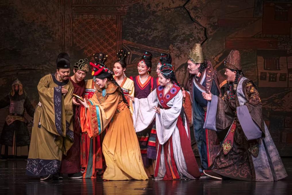舞臺上,《金城公主》以精湛的表演和細(xì)膩的情感刻畫,將一段具有歷史深邃感的唐蕃和盟故事娓娓道來。“我的主要目標(biāo)是盡可能地學(xué)習(xí)民間藏戲,深入了解傳統(tǒng)的演唱風(fēng)格和發(fā)聲方法,為創(chuàng)新表演方式打下基礎(chǔ)?!?1歲的藏戲演員仁青東智在劇中扮演唐中宗,他是西藏大學(xué)聲樂系研究生,在校時(shí)學(xué)習(xí)意大利美聲唱法,畢業(yè)后在藏戲中找到了自己的熱愛。
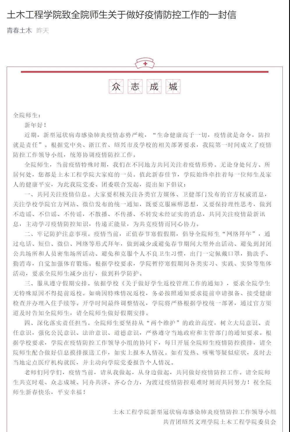 当下,全国新型冠状病毒感染肺炎疫情态势严峻。党中央高度重视,习近平总书记发出“生命高于一切,疫情就是命令,防控就是责任”的有力号召。土木工程学院第一时间成立了疫情防控工作领导小组,统筹协调疫情防控工作,积极响应绍兴市委组织部发出《关于充分发挥全市党组织和广大党员干部在新型冠状病毒感染肺炎疫情防控中的战斗堡垒作用和先锋模范作用的通知》要求,动员全院师生、党员干部迅速行动,为抗击疫情、支援武汉贡献力量。
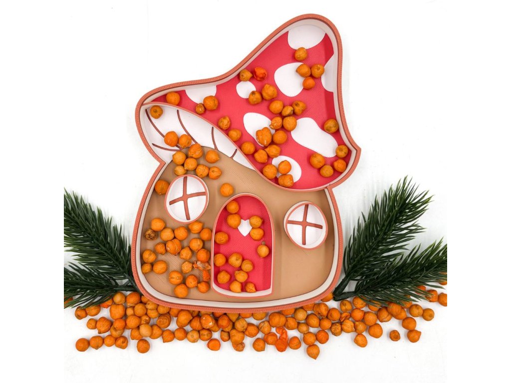 Ekologicky rozložitelný tácek ve tvaru houbového domečku slouží k rozvoji jemné motoriky, fantazie, tvořivosti. Využijete ho na hru se sypkým materiálem, s modelínou, či kinetickým pískem a skvělý bude i na mokré hraní či na hru s vodními perlami. Skvěle poslouží k různým šumicím lektvarům či ke hře s otevřeným koncem.
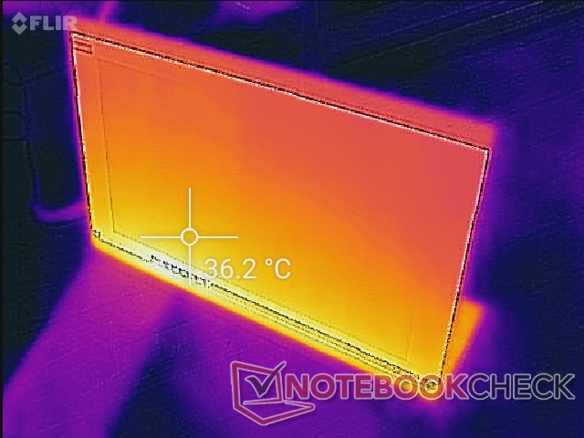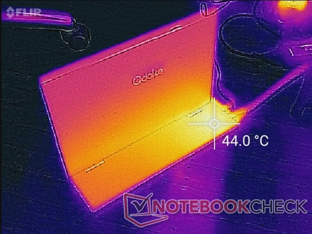 Surface temperatures can be quite warm at almost 45 C on the rear of the unit nearest the HDMI port as shown by our temperature map below. While noticeable when handling the BladeX like a tablet, we don't find the warm temperature to be an issue when the unit is on a desk.
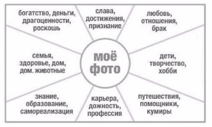 Клейте все, что соответствует вашим желаниям: пара – любовь, девушка в позе лотоса – гармония, монетки – благосостояние, красивая одежда и косметика, пальмы на фоне моря и т.д. Можно клеить как вам хочется, можно разделить лист на сферы:
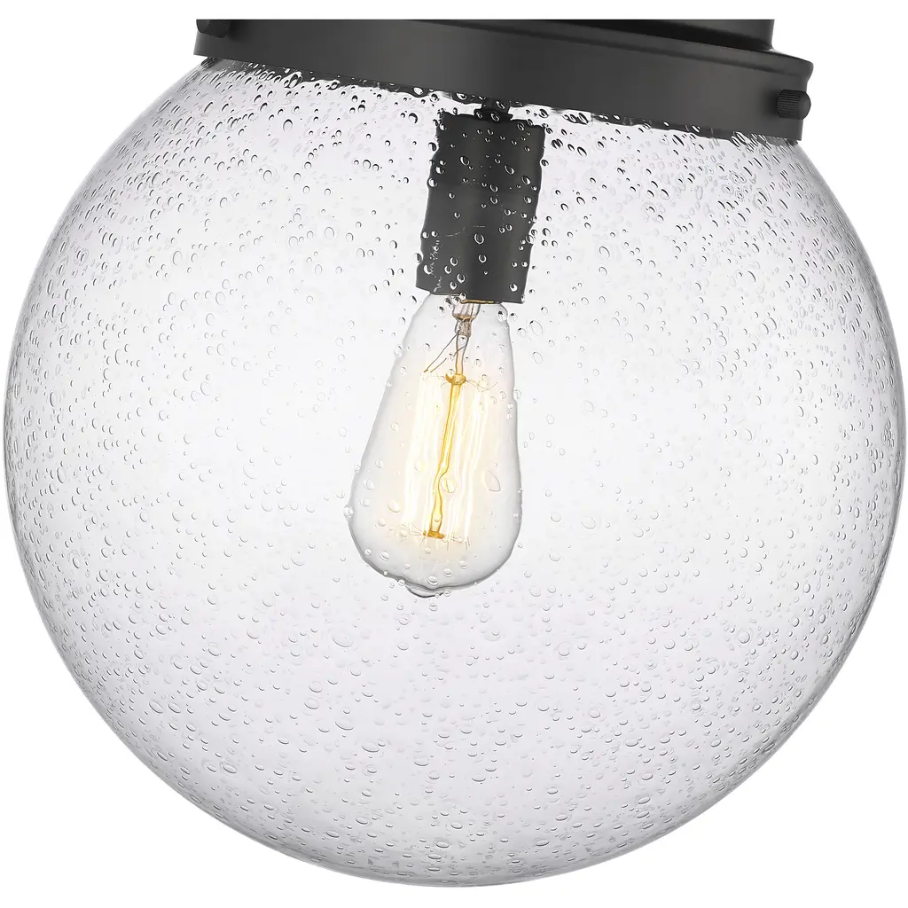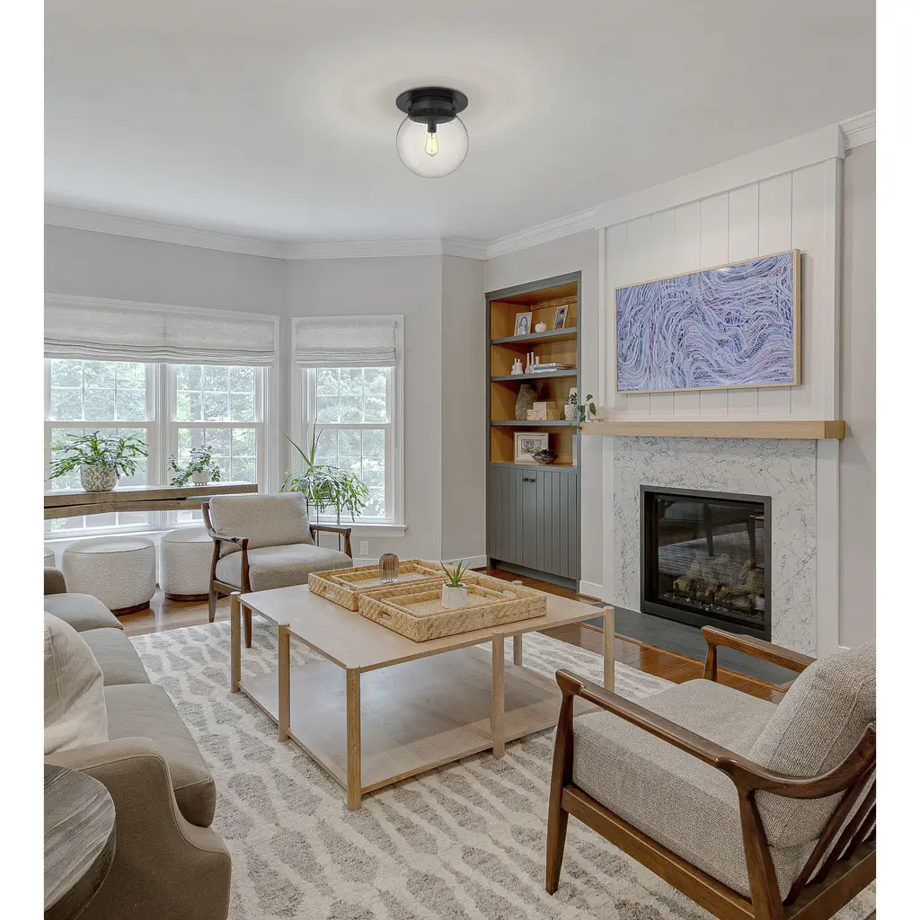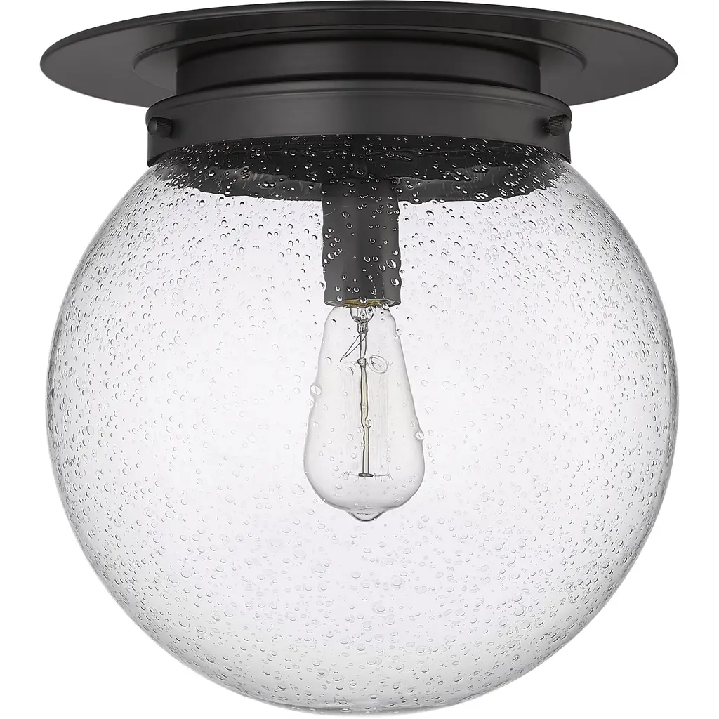 Customize your space with a light fixture blending Mid-Century Modern style with schoolhouse and industrial charm. This one-light flush mount from the Calhoun collection delivers a shapely, symmetrical silhouette with a frame and accents featuring bold matte black finish metal. A festive clear seedy glass globe shade adds a dose of elegance suitable for any application.
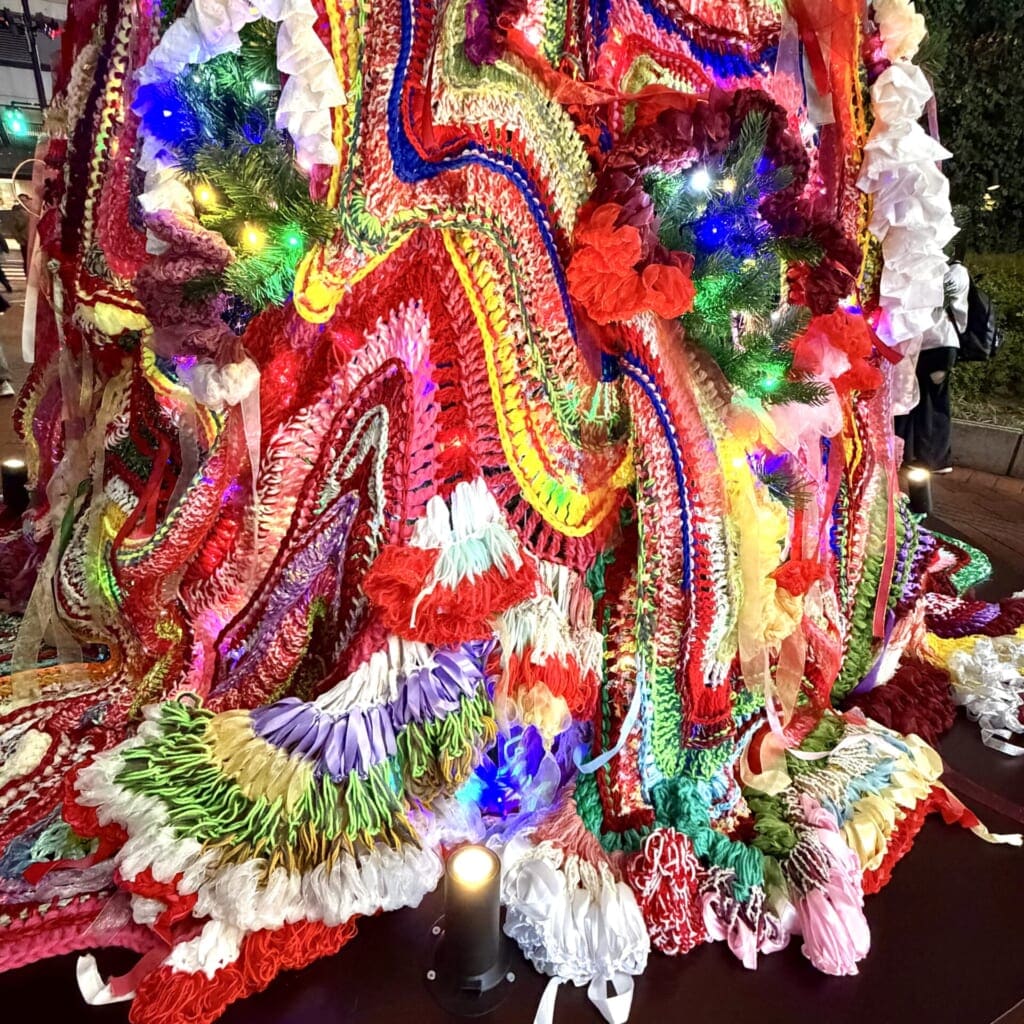 館内各所にニットをまとったクリスマスツリーが登場。
------------------------------------------------------------
EXERCISE OBJECTIVE
Keep to the lines above from the line with "Ekologicky rozložitelný tácek" to the line with "Клейте все, что", and set down exactly those, inclusive, with nothing else and every picture left out.

THE ANSWER
 Ekologicky rozložitelný tácek ve tvaru houbového domečku slouží k rozvoji jemné motoriky, fantazie, tvořivosti. Využijete ho na hru se sypkým materiálem, s modelínou, či kinetickým pískem a skvělý bude i na mokré hraní či na hru s vodními perlami. Skvěle poslouží k různým šumicím lektvarům či ke hře s otevřeným koncem.
 Surface temperatures can be quite warm at almost 45 C on the rear of the unit nearest the HDMI port as shown by our temperature map below. While noticeable when handling the BladeX like a tablet, we don't find the warm temperature to be an issue when the unit is on a desk.
 Клейте все, что соответствует вашим желаниям: пара – любовь, девушка в позе лотоса – гармония, монетки – благосостояние, красивая одежда и косметика, пальмы на фоне моря и т.д. Можно клеить как вам хочется, можно разделить лист на сферы:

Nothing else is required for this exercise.